(RECORDS PROVIDED):
....................
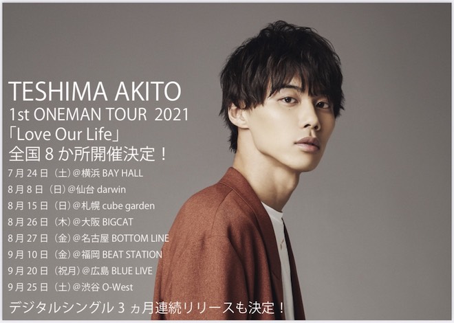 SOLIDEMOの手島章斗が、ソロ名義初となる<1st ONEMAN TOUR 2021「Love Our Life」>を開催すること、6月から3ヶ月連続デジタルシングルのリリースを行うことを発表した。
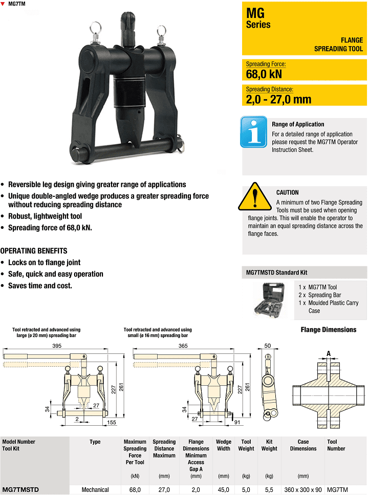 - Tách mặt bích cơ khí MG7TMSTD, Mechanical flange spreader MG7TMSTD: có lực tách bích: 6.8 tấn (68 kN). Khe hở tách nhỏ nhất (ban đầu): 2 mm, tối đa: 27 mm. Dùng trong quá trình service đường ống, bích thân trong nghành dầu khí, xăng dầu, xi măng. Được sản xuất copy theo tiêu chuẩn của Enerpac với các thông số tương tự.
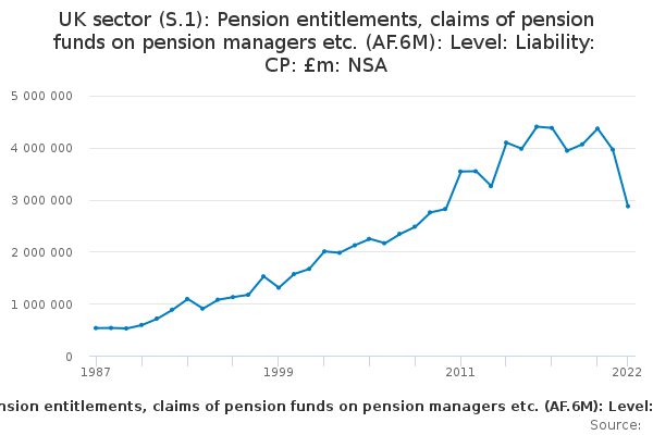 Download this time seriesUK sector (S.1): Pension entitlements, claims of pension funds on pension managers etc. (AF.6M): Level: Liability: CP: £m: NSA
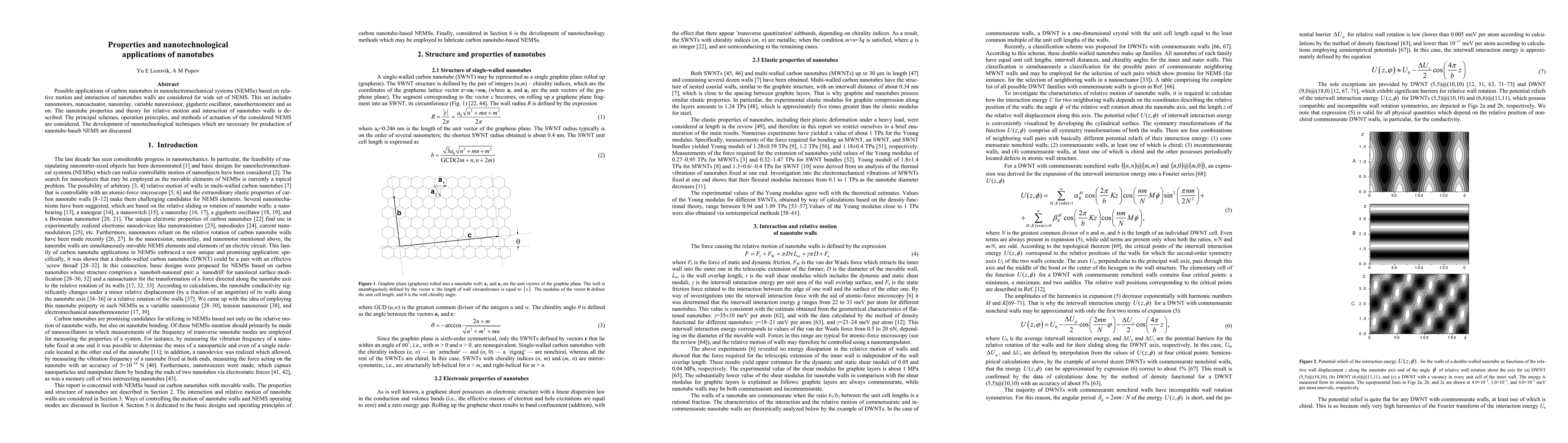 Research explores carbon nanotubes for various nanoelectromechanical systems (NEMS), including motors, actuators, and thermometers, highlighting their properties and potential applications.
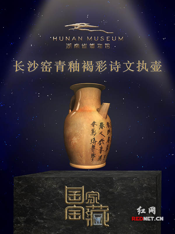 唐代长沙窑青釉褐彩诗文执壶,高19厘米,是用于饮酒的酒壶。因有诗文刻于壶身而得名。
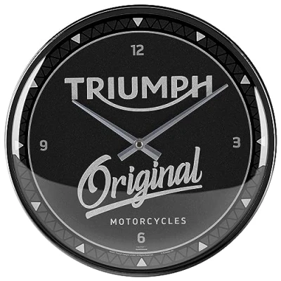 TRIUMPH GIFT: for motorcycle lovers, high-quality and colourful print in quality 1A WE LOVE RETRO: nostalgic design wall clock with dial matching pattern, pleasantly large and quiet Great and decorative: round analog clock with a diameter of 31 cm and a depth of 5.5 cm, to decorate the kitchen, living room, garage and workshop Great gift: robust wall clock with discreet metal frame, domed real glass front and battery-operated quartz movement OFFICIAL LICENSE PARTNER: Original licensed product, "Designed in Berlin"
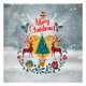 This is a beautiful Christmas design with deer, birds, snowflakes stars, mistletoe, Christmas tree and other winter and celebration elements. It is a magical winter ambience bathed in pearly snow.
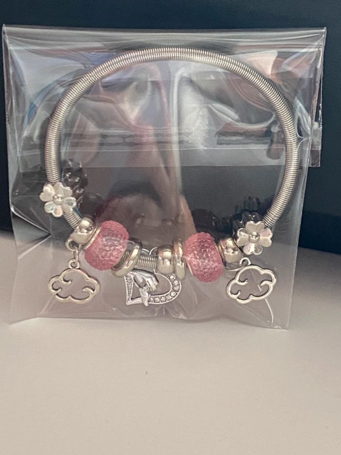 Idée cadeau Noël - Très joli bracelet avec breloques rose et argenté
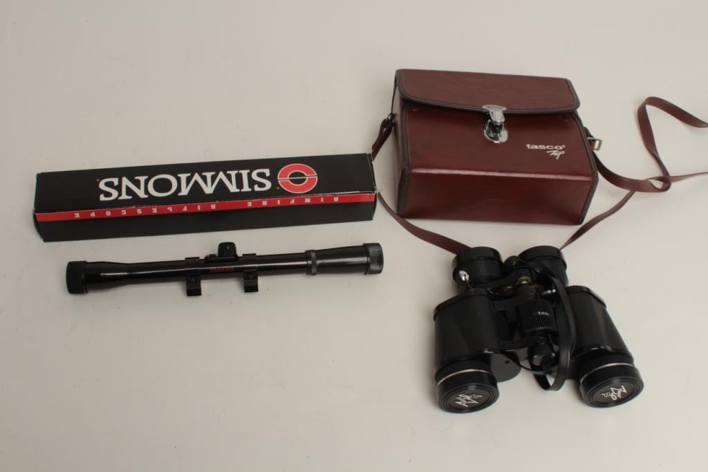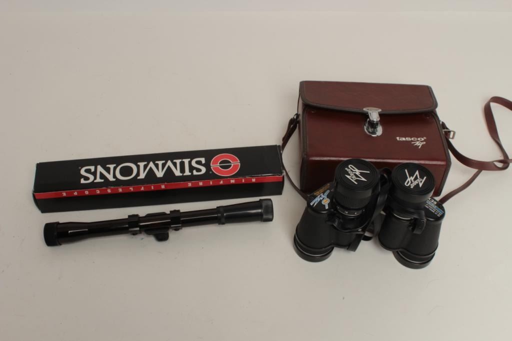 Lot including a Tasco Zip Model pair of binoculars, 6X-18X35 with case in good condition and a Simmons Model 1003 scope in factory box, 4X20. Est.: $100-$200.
....................
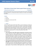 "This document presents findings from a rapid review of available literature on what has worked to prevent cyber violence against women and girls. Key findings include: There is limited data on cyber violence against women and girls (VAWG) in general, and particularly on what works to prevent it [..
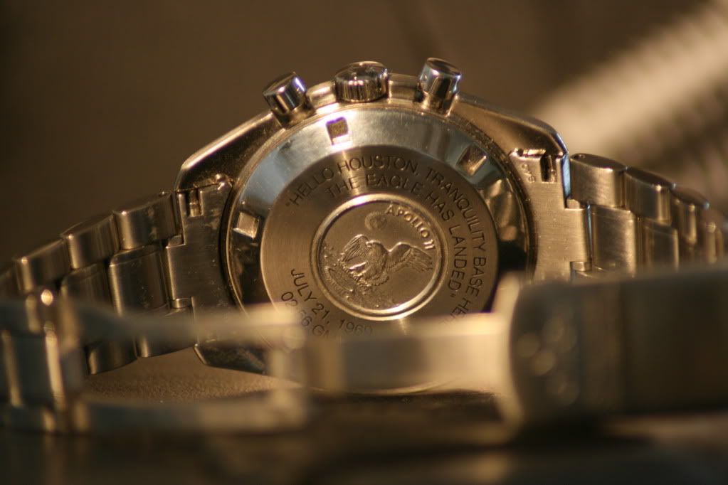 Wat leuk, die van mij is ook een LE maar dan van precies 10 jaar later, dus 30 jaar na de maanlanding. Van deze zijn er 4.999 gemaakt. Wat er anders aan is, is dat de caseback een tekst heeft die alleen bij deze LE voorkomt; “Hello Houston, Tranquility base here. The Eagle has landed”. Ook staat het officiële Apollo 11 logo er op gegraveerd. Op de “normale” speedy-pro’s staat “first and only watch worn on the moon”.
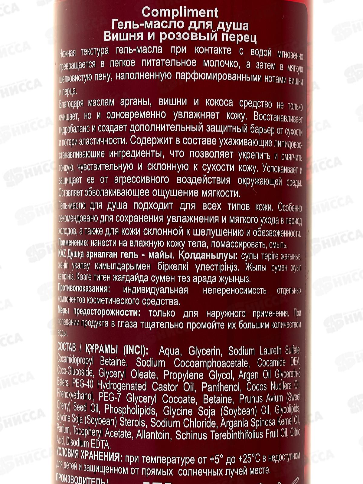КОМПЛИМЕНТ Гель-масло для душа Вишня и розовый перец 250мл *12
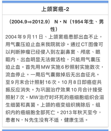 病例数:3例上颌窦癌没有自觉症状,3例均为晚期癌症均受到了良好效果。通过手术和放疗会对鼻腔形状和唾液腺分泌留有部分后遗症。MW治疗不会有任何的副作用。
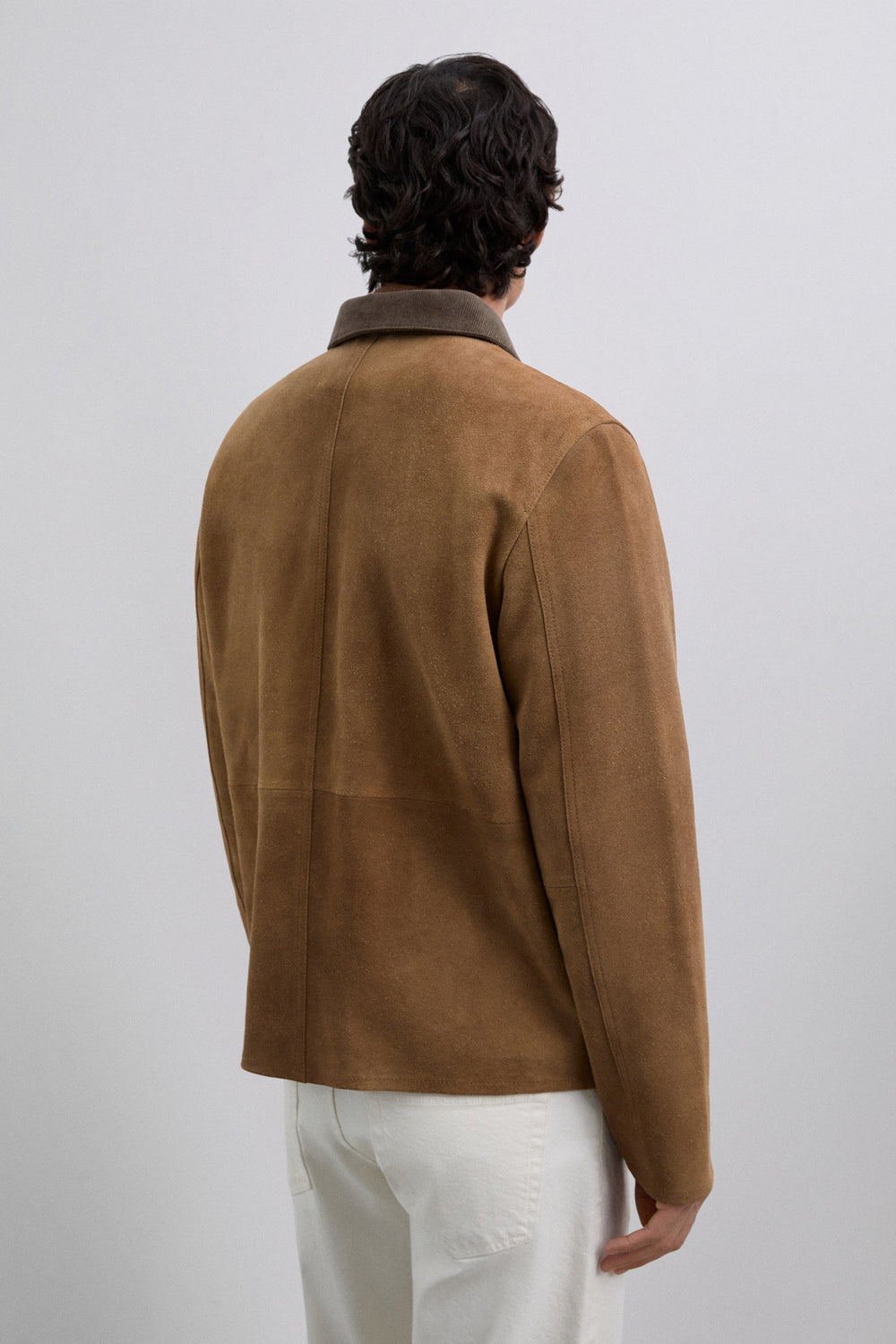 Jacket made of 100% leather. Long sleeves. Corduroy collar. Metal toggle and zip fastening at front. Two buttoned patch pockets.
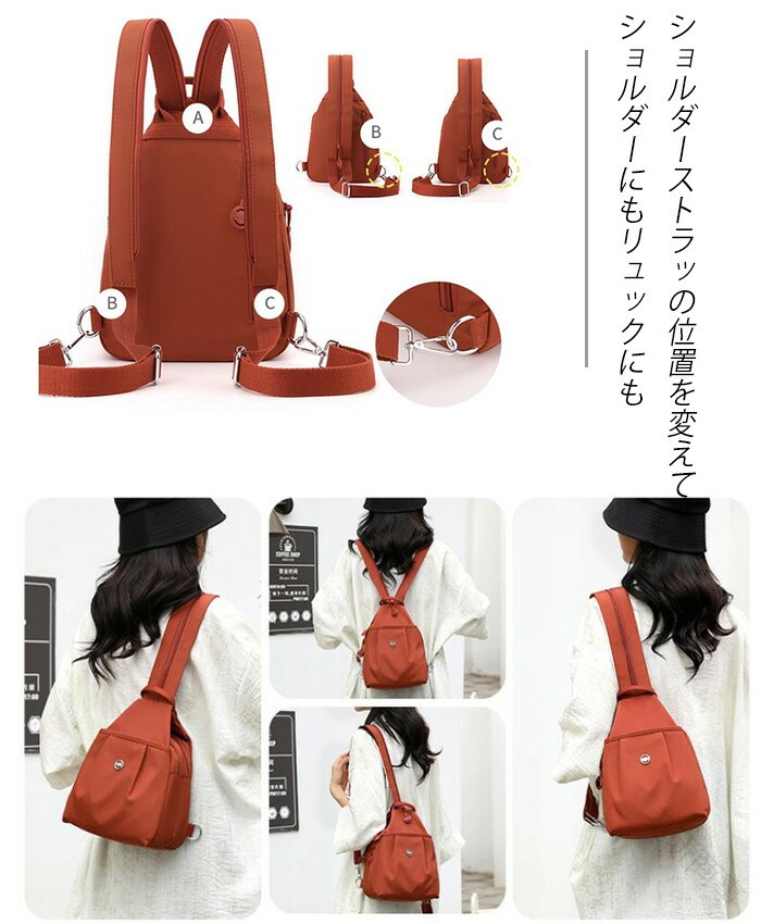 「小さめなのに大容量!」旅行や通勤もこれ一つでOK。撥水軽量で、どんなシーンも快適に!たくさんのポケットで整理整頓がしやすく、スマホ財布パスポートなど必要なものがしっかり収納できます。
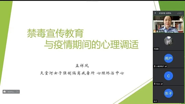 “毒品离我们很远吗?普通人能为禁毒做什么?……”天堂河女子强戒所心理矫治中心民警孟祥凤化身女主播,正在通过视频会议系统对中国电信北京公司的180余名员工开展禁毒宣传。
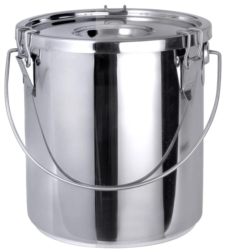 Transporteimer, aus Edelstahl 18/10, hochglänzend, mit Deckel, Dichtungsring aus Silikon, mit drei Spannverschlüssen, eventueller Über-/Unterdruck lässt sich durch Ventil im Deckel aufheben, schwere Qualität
....................
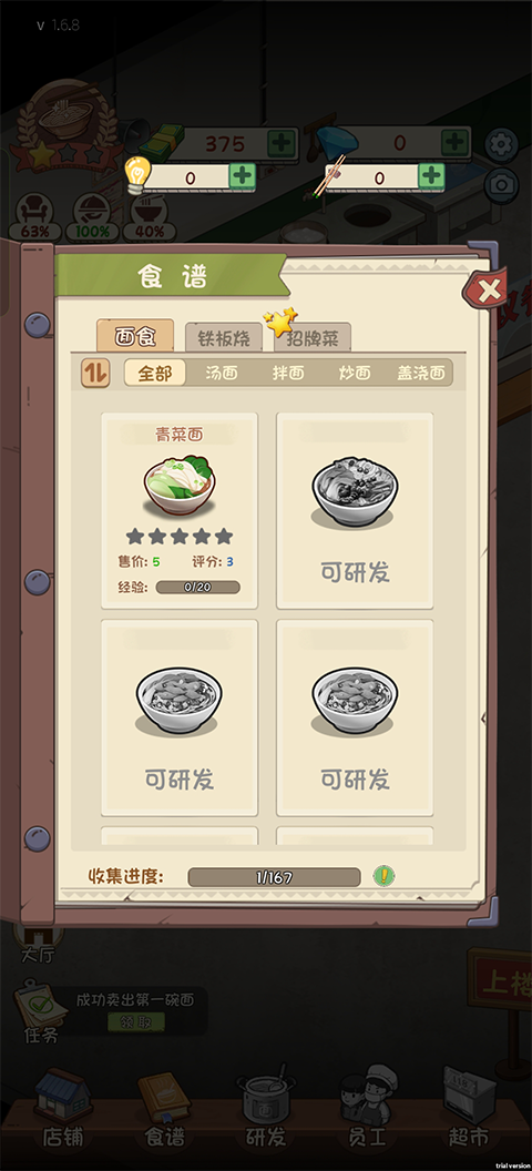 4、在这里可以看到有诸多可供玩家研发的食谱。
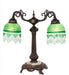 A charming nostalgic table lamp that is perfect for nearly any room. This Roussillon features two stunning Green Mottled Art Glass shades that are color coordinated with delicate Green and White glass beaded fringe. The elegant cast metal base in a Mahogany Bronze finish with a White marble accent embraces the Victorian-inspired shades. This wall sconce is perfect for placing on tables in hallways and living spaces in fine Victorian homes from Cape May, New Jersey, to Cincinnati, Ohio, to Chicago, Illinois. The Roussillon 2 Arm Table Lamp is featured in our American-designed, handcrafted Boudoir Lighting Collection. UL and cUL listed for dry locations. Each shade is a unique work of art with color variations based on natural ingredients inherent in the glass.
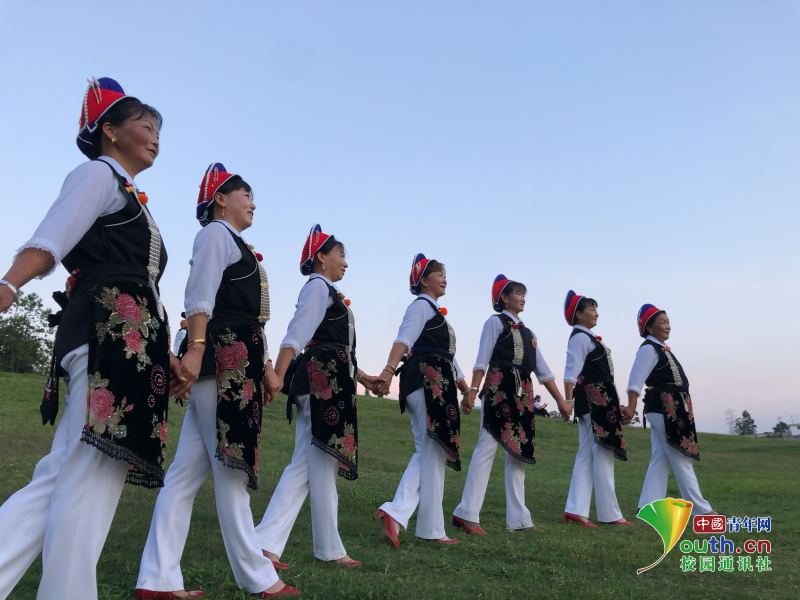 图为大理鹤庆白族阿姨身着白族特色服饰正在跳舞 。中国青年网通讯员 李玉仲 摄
....................
Look above and copy only the lines from the one holding "SOLIDEMOの手島章斗が、ソロ名義初となる<1st ONEMAN TOUR" to the one holding "唐代长沙窑青釉褐彩诗文执壶,高19厘米,是用于饮酒的酒壶", both included, exactly, minus the pictures.

 SOLIDEMOの手島章斗が、ソロ名義初となる<1st ONEMAN TOUR 2021「Love Our Life」>を開催すること、6月から3ヶ月連続デジタルシングルのリリースを行うことを発表した。
 - Tách mặt bích cơ khí MG7TMSTD, Mechanical flange spreader MG7TMSTD: có lực tách bích: 6.8 tấn (68 kN). Khe hở tách nhỏ nhất (ban đầu): 2 mm, tối đa: 27 mm. Dùng trong quá trình service đường ống, bích thân trong nghành dầu khí, xăng dầu, xi măng. Được sản xuất copy theo tiêu chuẩn của Enerpac với các thông số tương tự.
 Download this time seriesUK sector (S.1): Pension entitlements, claims of pension funds on pension managers etc. (AF.6M): Level: Liability: CP: £m: NSA
 Research explores carbon nanotubes for various nanoelectromechanical systems (NEMS), including motors, actuators, and thermometers, highlighting their properties and potential applications.
 唐代长沙窑青釉褐彩诗文执壶,高19厘米,是用于饮酒的酒壶。因有诗文刻于壶身而得名。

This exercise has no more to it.